That's the theory, anyway. In particular, I've been excited about WIKIWYG ever since RossMayfield showed me an early prototype last August. I had a personal bias, since ChrisDent and MattLiggett helped write it, as did CaseyWest and the inimitable BrianIngerson, whom I finally met last weekend at TagCamp.    (JYQ)

Yesterday afternoon, we discussed PurpleNumbers and WIKIWYG, and it was good. Then in the evening, Ingy and I spent a few hours trying to get WIKIWYG integrated into PurpleWiki.    (JYR)

We didn't quite make it. Our biggest roadblock was a bug we discovered in Mozilla's design mode that we can't do much about. (My days of statically typed languages are well behind me.) But, we got something somewhat working, and I learned a heckuvalot. You can play with our semi-working demo.    (JYS)

WIKIWYG seems well-architected and is easy to customize. For folks with relatively standard Wiki editing requirements, I highly encourage you to play with it.

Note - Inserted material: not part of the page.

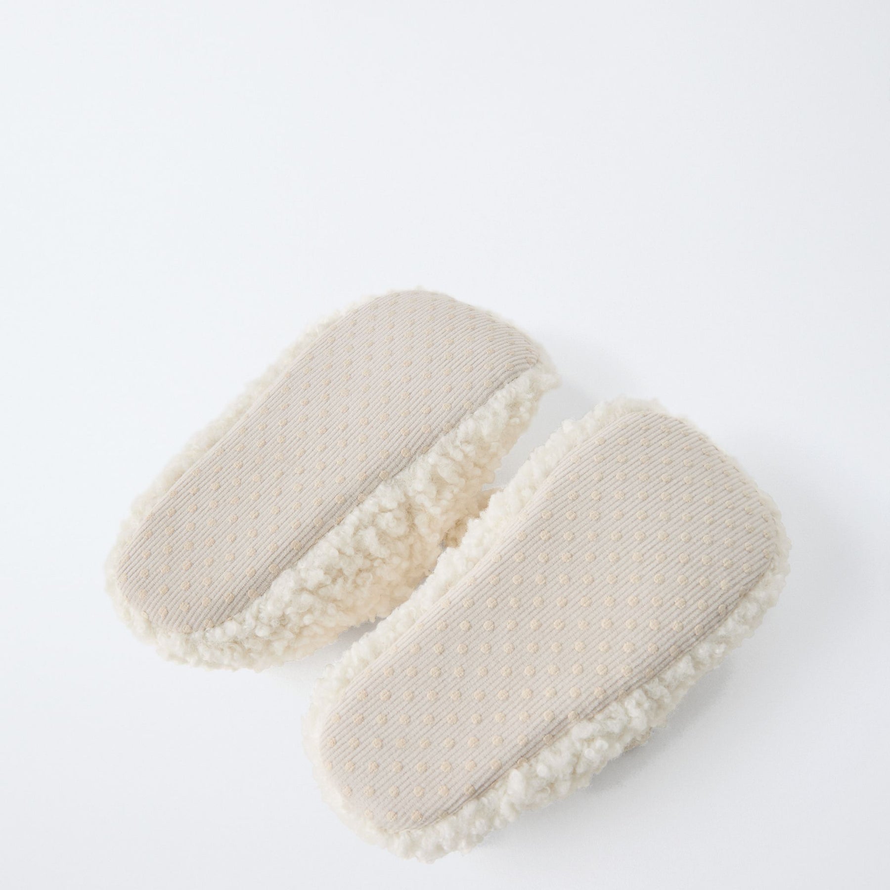 •nom produit : chaussons effet mouton •couleur :blanc cassé •marque :zara •composition :95% polyester | 5% coton

PurpleWiki has some special formatting funkiness (mainly due to the PurpleNumbers), but we were able to get around this fairly easily. (This was also true thanks to PurpleWiki's model of parsing to an intermediate data structure, then using view drivers to serialize. I wish more Wiki engines did this. I know MagnusManske is thinking about doing this for MediaWiki, and I think JanneJalkanen is already doing it with JSPWiki.)    (JYT)

The Mozilla bug annoyed me, because it's a show-stopper in some ways, and there's not much I can do about it. I didn't realize it, but all of the JavaScript WYSIWYG widgets actually switch to the browser's "design mode" in order to handle WYSIWYG editing. As with many HTML editors, design mode does not handle structure cleanly, and you end up getting weird artifacts such as spurious break tags. Our problem was that we serialize node ID information as id attributes in the HTML tags. However, FireFox does not maintain those attributes correctly when you move content around.    (JYU)

I'll report the bug (if folks have suggestions as to the best way to bring this to the right people's attention, let me know), but it also puts the kibosh on my hopes for WIKIWYG and PurpleNumbers. Even if the bug is fixed in the next version of FireFox, we're still prey to all the folks using older versions as well as InternetExplorer or Safari, which have their own problems with design mode.    (JYV)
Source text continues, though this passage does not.